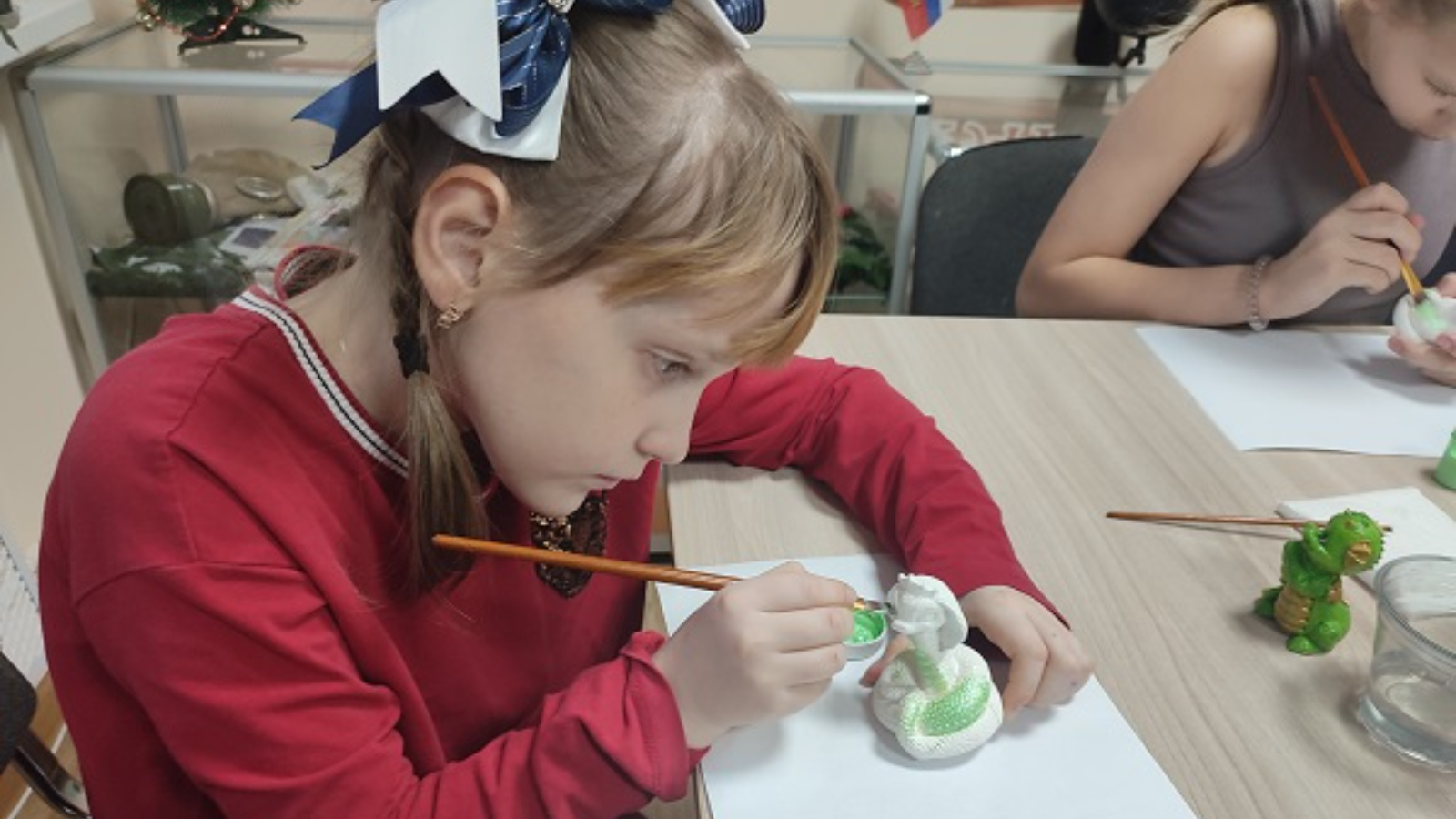 Детям предложили раскрасить фигурки змей. Каждый фантазировал и придумывал, каким будет его работа. Все участники мастер-класса остались довольны, получили новые знания и навыки работы с гипсом.
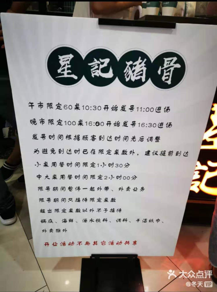 此外,有消费者爆料,刚刚开业不久澳门星记猪骨也推出了用餐时长建议。建议小桌用餐时间限定1小时30分,中大桌用餐时间限定2小时。和其他有用餐限时的热门餐饮店一样,在公示用餐时限的规则时,该店面的措辞选择使用了“建议”等不具备强制性意味的词汇。
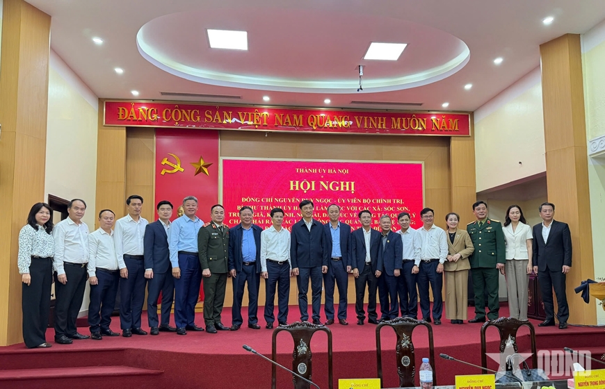 | Đồng chí Nguyễn Duy Ngọc, Bí thư Thành ủy Hà Nội và các đồng chí lãnh đạo thành phố với lãnh đạo 5 xã Sóc Sơn, Nội Bài, Trung Giã, Đa Phúc, Kim Anh tại cuộc làm việc. |
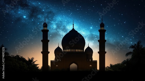 Majestic Silhouette of Mosque Against Starry Night Sky with Cosmic Background
────────────────────────────────────────
* **Task brief**
Copy out the lines exactly as written, beginning with the one that contains "此外,有消费者爆料,刚刚开业" and ending with the last line of the material; do not include pictures.

* **Result of this exercise**
 此外,有消费者爆料,刚刚开业不久澳门星记猪骨也推出了用餐时长建议。建议小桌用餐时间限定1小时30分,中大桌用餐时间限定2小时。和其他有用餐限时的热门餐饮店一样,在公示用餐时限的规则时,该店面的措辞选择使用了“建议”等不具备强制性意味的词汇。
 | Đồng chí Nguyễn Duy Ngọc, Bí thư Thành ủy Hà Nội và các đồng chí lãnh đạo thành phố với lãnh đạo 5 xã Sóc Sơn, Nội Bài, Trung Giã, Đa Phúc, Kim Anh tại cuộc làm việc. |
 Majestic Silhouette of Mosque Against Starry Night Sky with Cosmic Background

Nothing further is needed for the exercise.